== Required work ==
Verbatim copy without pictures. Please print every entry as it stands.

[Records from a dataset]
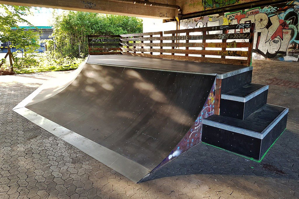 Bad Salzuflen Skatepark is a modular wooden park with a miniramp, different funboxes and other assorted features. It‘s under the Hochbrücke and was built in 2018 by Yamato Living Ramps.
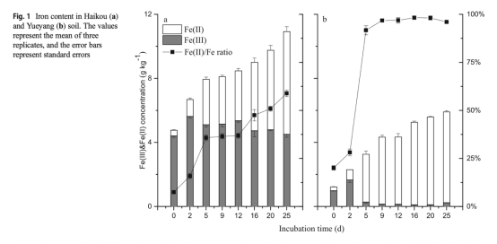 1. Fe(II)和Fe(III)含量變化:來自Fig. 1,數據顯示岳陽土壤鐵還原更徹底,Fe(II)比例高,研究意義在于表明鐵還原程度與土壤類型相關,影響有機碳分解速率。
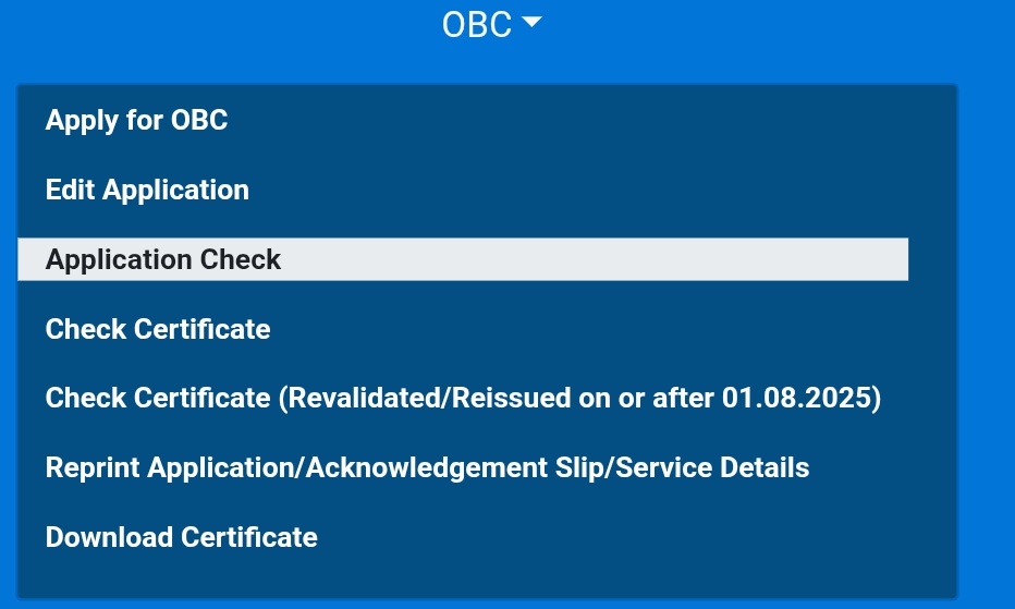 ২) পরবর্তী পেজে OBC তে ক্লিক করে Application Check এ ক্লিক করুন।
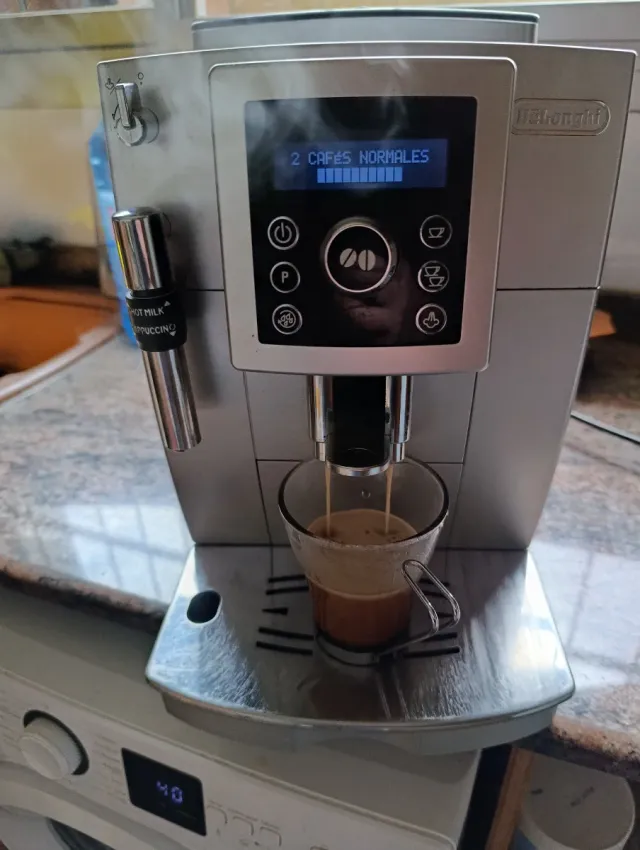 Detalles del productoCafetera automática DeLonghi en acabado plateado. Perfecta para preparar cafés de forma rápida y sencilla.
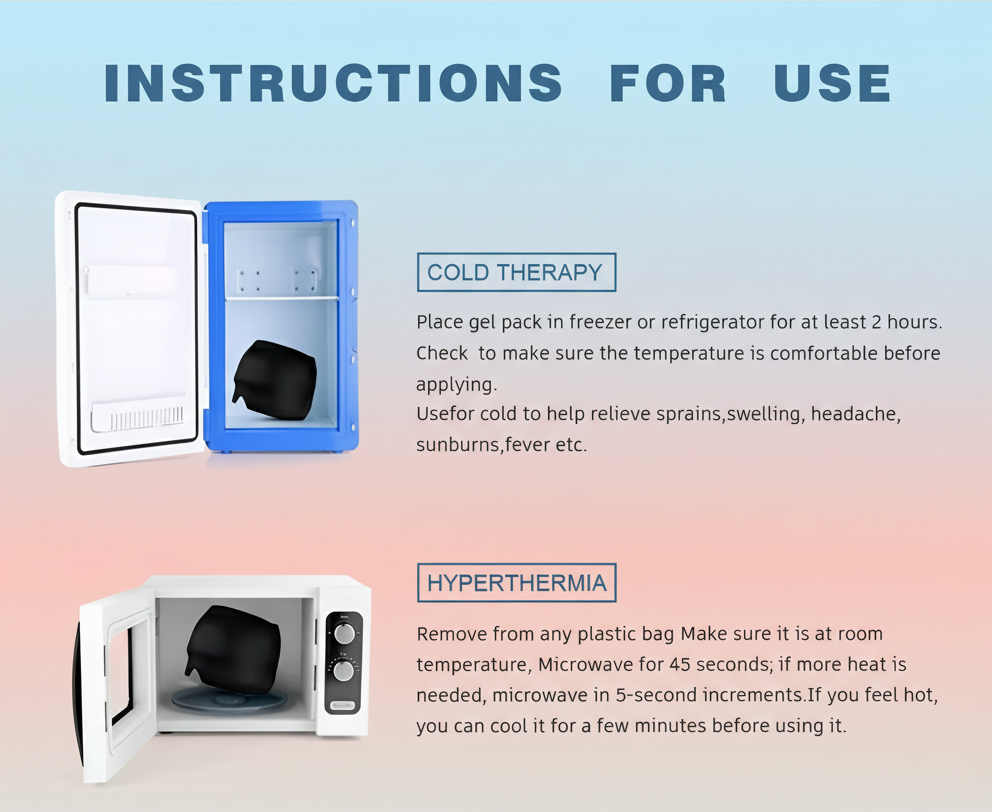 Place the cap in the freezer for at least 1–2 hours for cold therapy, or heat it in the microwave for about 20–30 seconds for warm therapy. Always check the temperature before applying to your skin.
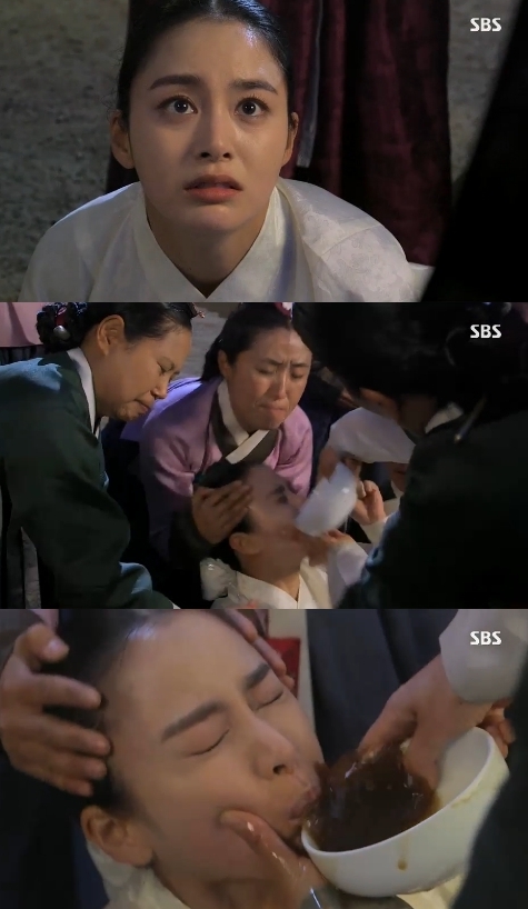 대비는 "약을 쏟아부어라"고 명령했고 상궁들은 장옥정 머리를 뒤로 젖힌 뒤 약을 억지로 입에 들이부었다.

== Response area ==
 Bad Salzuflen Skatepark is a modular wooden park with a miniramp, different funboxes and other assorted features. It‘s under the Hochbrücke and was built in 2018 by Yamato Living Ramps.
 1. Fe(II)和Fe(III)含量變化:來自Fig. 1,數據顯示岳陽土壤鐵還原更徹底,Fe(II)比例高,研究意義在于表明鐵還原程度與土壤類型相關,影響有機碳分解速率。
 ২) পরবর্তী পেজে OBC তে ক্লিক করে Application Check এ ক্লিক করুন।
 Detalles del productoCafetera automática DeLonghi en acabado plateado. Perfecta para preparar cafés de forma rápida y sencilla.
 Place the cap in the freezer for at least 1–2 hours for cold therapy, or heat it in the microwave for about 20–30 seconds for warm therapy. Always check the temperature before applying to your skin.
 대비는 "약을 쏟아부어라"고 명령했고 상궁들은 장옥정 머리를 뒤로 젖힌 뒤 약을 억지로 입에 들이부었다.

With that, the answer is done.